Poland Will No Longer Jail Citizens Who Suggest Country’s Complicity In Holocaust
Poland’s lawmakers backtracked on a controversial law Wednesday and will no longer allow jail sentences of up to three years for citizens who accuse the country of being complicit in Nazi perpetration of the Holocaust.
Even with the “correction,” as Polish Prime Minister Mateusz Morawiecki called the change, accusing Poland of complicity with the Nazis in World War II is a civil offense that can be punished with a fine, according to the BBC.

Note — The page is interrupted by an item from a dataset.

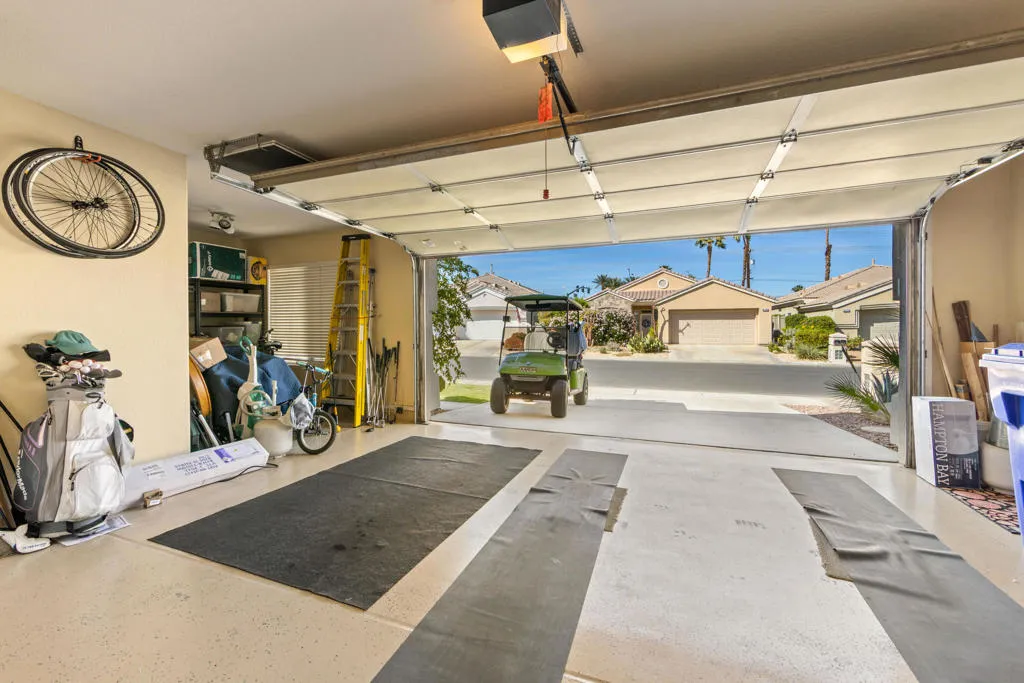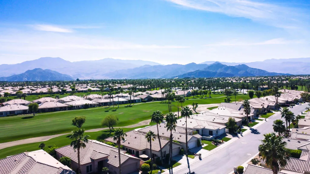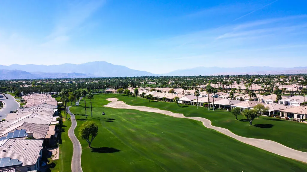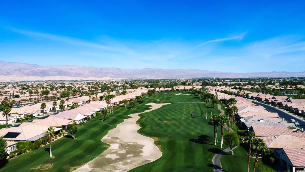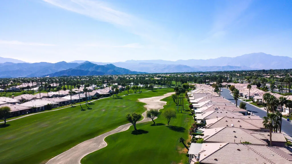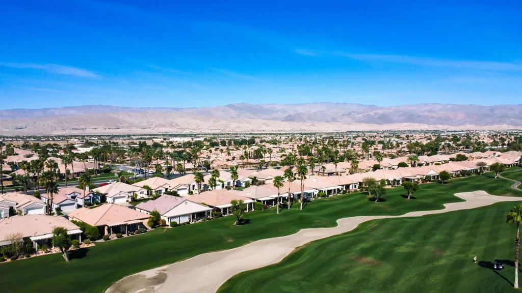 BIG PRICE REDUCTION!! Spectacular, south-facing golf course (10th hole) and Santa Rosa Mountain views from this beautifully maintained, Merion Plan home. An upgraded, glass insert door welcomes you into a great room floorplan. The entry way opens onto the living room with granite tile fireplace face (gas). Central living area overlooks the patio and fairway views. Efficient kitchen offers lots of counter space, gas cooktop, newer microwave, oversize pantry and lots of cabinets. Guests will enjoy the kitchen bar and added seating. Nicely sized, primary bedroom suite with huge walk-in closet w/ closet organizers. Guest bedroom located just down the hall. Both baths have been updated with newer counter tops, showers and low flow toilets. Den/office was extended to allow for built-in Murphy bed, great for over-flow guests. Inside laundry room with washer & dryer. Garage features extended space for golf cart and added built-in storage to include overhead storage space. Extended patio area is covered, plus, alumina-wood cover, overhead fan w/ light and a large gas barbecue. House has been pre-wired for security system.

The law did not apply to accusing Polish individuals of complicity, and it had exceptions for artistic and educational purposes, according to NPR. (RELATED: Socialist Darling Caught Celebrating, Campaigning With Known Anti-Semite And Racist)
The law upset the United States and Israel when it was passed in February, according to the Associated Press.
Israel has “no tolerance for the distortion of the truth, the rewriting of history and the denial of the Holocaust,” Israeli Prime Minister Benjamin Netanyahu said on Jan. 28 after a proposed version of the law was announced.
Netanyahu announced that he was “pleased” about the alterations made to the law on Wednesday, according to Reuters.
The Nazis murdered approximately 3 million Jewish citizens of Poland during World War II, according to the U.S. Holocaust Memorial Museum.